Kuzey ve Doğu Suriye’de kurulması planlanan ”güvenli bölge” görüşmeleri devam ederken Milli Savunma Bakanı Hulusi Akar ve ABD Savunma Bakanı Mark Esper dün tekrardan telefonda görüştü. Milli Savunma Bakanlığı’ndan yapılan açıklamaya göre Akar, Esper’e “Ortak noktada buluşulmazsa Türkiye güvenli bölgeyi tek başına oluşturur” dedi. Yapılan açıklamada, Hulusi Akar Rus yapımı S-400 füze savunma sistemlerinin teslimatının başlamasının ardından Türkiye’nin F-35 programındaki rolünün askıya alınması konusundaki rahatsızlığını “Türkiye’nin F-35 programının sadece müşterisi değil, aynı zamanda yatırımcısı ve üretim ortağı olduğunu” vurgulayarak hatırlattığı belirtildi.

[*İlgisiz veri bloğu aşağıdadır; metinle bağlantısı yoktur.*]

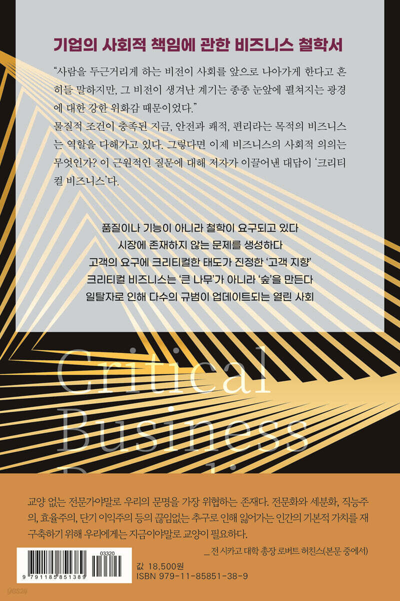 비즈니스가 지닌 잠재력은 헤아릴 수 없다. 단순한 상품이나 서비스를 제공하는 수단 이상으로 우리의 생활과 가치관, 사회 본연의 모습에 큰 영향을 미친다. 그러므로 나는 비즈니스가 지닌 이 힘을 사회적인 과제나 문제점 해결에 활용하는 것이 좋다고 본다. --- p.28 크리티컬 비즈니스의 이니셔티브는 반드시 새로운 문제를 제기하는데, 이 문제는 관찰을 통해 새롭게 발견되는 것이 아니라 많은 사람들이 당연하게 여기며 받아들이고 있던 사상이 비판적으로 고찰되고 현재와는 다른 이상적 모습이 제시되어야 비로소 생성된다. 따라서 크리티컬 비즈니스가 시작되는 과정에서 고객을 비롯한 이해관계자에게는 반드시 어떠한 가치관과 세계관의 전환이 일어나기 마련이다. --- p.43 결론적으로 정리하면, 어퍼머티브 비즈니스 패러다임으로 고객의 느슨한 니즈나 욕구에 계속해서 순응한다면 결국 사회 전체의 풍경이 느슨한 방향으로 끌려가고, 이는 또한 그 시장의 글로벌 경쟁력 상실로도 이어진다. 그러므로 현재 우리는 고객의 미적, 윤리적 감성을 끌어올릴 수 있는 크리티컬 비즈니스 패러다임이 필요하다. --- p.50 크리티컬 비즈니스는 단순히 경제적인 이익을 추구할 뿐만이 아니라 사회적인 변혁과 가치 실현을 목적으로 하고 있다. 그래서 기존의 비즈니스 모델에서 자주 보이는 ‘점유율 쟁탈은 제로섬 게임’의 사고방식과는 다른 접근법, 즉 ‘시장 전체를 늘리는 플러스섬 게임’을 추구한다. 패러다임이 아예 다르다. --- p.62 역사는 전진하는 것만으로 전개되지 않는다, 역사는 눈앞에 전개되는 광경에 대한 혐오감이나 위화감이 쌓이는 과정에서 전개되어 간다는 것이 벤야민의 주장이다. 사람을 두근거리게 하는 비전이 사회를 앞으로 나아가게 한다고 흔히들 말하지만, 그 비전이 생겨난 계기는 종종 눈앞에 펼쳐지는 광경에 대한 강한 위화감 때문이었다. --- p.77 ‘반항적인 것’은 사회의 본질적인 가치를 지닌다. 크리티컬 비즈니스는 이 반항적 정신을 구현하고 사회에 책임을 지며 개선을 목표로 하는 데 힘이 될 수 있다. 카뮈의 철학을 크리티컬 비즈니스에 적용함으로써 기업은 단순히 경제 활동의 주체일 뿐만이 아니라 사회적 정의와 윤리를 추진하는 데 있어서도 중요한 역할이 가능해진다. 반항은 과거의 부정을 인정하고 더 나은 미래를 만들기 위한 첫걸음이다. --- p.79 크리티컬 비즈니스 추진의 엔진이 되는 것은 경제적 이득에 대한 기대가 아니라 사회적 문제 해결에 대한 기대다. 자본주의에 원리적 고찰을 남긴 철학자 애덤 스미스는 저서 『도덕 감정론』에서 사회를 움직이는 것은 ‘타인과의 공감에 기초한 도덕’이라고 지적했다. 사회가 본래 공감에 의해서 움직이는 것이라면, 크리티컬 비즈니스를 실천하는 사람은 이것을 자원으로 크게 활용해야 한다. --- p.161 이미 말했듯, 사회는 다수가 아니라 오히려 소수의 주장에 의해 변화한다. 사회의 지배적 가치관이나 규범에 대해 일탈자, 소수가 반기를 들면 그동안의 안정된 환경과 시스템이 흔들리는 상태에 놓인다. 소수와 다수 사이에 생기는 그러한 대립은 결국엔 다음의 안정 상태를 만들어 가고, 그렇게 사회는 변천해 간다. 여기서 말하는 ‘열린 사회’란 그런 의미이다. 만약 기존의 규범을 모두가 준수하고 누구도 반항하지 않는다면 사회는 지극히 안정적이고 질서는 있겠지만 변화는 일어나지 않고 역사는 거기서 멈춘다. 언제까지나 똑같은 가치관이 규범으로서 강한 권위를 가지는 사회는 범죄가 발생하지 않을지는 모르나 창조 또한 발생하지 않는다. --- p.211~212 |

İki bakanın telefon görüşmesine ilişkin ABD Savunma Bakanlığı Pentagon’dan henüz bir açıklama gelmedi. Pentagon, görüşmenin gerçekleştiğini onaylamakla yetindi.
Taraflar ne istiyor?
”Güvenli bölge” tartışmalarında henüz bir sonuca varılamadı. ABD ve Demokratik Suriye Güçleri’nin (DSG), Türkiye tarafından öne sürülen teklife sıcak bakmadığı belirtiliyor. Türkiye 32 kilometrelik bir alanın kendi kontrolünde olmasını ve DSG’nin de bu alandan çıkarılmasını istiyor. DSG ise “güvenli bölgenin” 5 kilometrelik bir alanda Koalisyon güçleri kontrolünde kurulabileceğini belirtiyor. Geçen hafta Ankara’ya gelen ABD’li heyetin de DSG’nin önerisine benzer bir teklifi sunduğu ve Ankara’nın da buna sıcak bakmadığı kaydediliyor. Türkiye sınıra askeri sevkiyat yaparak, Washington yönetimine baskıyı sürdürürken ABD de sınırdaki devriye faaliyetlerini arttırdı.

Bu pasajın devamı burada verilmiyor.